I think he nails it with that sentence.
I really think that it ultimately boils down to education – what I’m talking about though, goes much beyond the Millenium Development Goal of providing primary education to all the world’s children by 2015 (that ain’t happening, by the way). In my mind, “education” comprises formal education at all levels, including the promotion of university or technical degrees, as well as skills and knowledge transfer. For micro, small and medium size enterprises, good leadership and sound management are essential for success – neither of these skills is born out of thin air, and individuals need to somehow acquire them. A direct result of this is the increased premium places on capacity building and technical assistance as crucial complements of financing for any informal organization or business in the developing world.
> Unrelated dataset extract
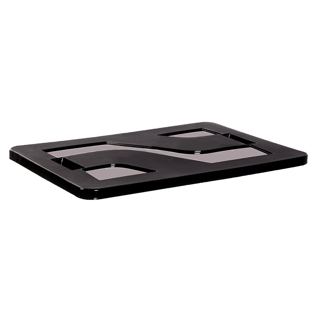 Ce couvercle en plastique noir est conçu pour s'adapter à un bac de manutention de 50L.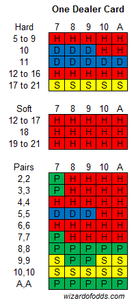 В следующей таблице показана стратегия игры против дилера с одной открытой картой, которая аналогична стратегии в обычном блэкджеке для четырех-восьми колод, когда дилер берет карту при мягкой 17.

As Karnani accurately notes, for individuals to “take advantage of and shield themselves from the vagaries of the free market”, a strong regulatory framework is imperative. Consumers need to be protected and industries promoted, controlled and appropriately incentivized – isn’t that what we ask from our own governments? (well, perhaps Rush Limbaugh disagrees…)
An interesting and rather intense debate took place over at Nextbillion.net regarding this piece – one of the scholars that Karnani criticizes in his piece, Al Hammond, responds to Karnani in no uncertain terms. I highly recommend checking out the vitriolic back and forth. Here‘s a softer response to Karnani’s article.
Karnani’s article is a must-read – as my good friend CPL said, “that’s one of the best most honest pieces I have read in a long time.”
Oh, and here are a couple of photos from my trip to Peru
|From 2009 pics|
This man owns and runs a cheese factory/shop in the mountain town of Cajamarca, Peru. He started his business about 10 years ago, and now sells cheese in different regions of the country – his marketing strategy was developed with the help of a local economic development organization. He told us his story and showed us around his facilities, describing which challenges he faced as a small business owner – very enlightening. I’ll admit the cheese wasn’t really all that great (I’m from France… I have discerning taste in cheese), but on the other hand the dulce de leche (displayed in the center of the photo), was amazingly good.
|From 2009 pics|
And this is “Lima-by-Night”, viewed from the neighborhood of Barranco (I want to live there). Yes, it’s a ginormous illuminated crucifix.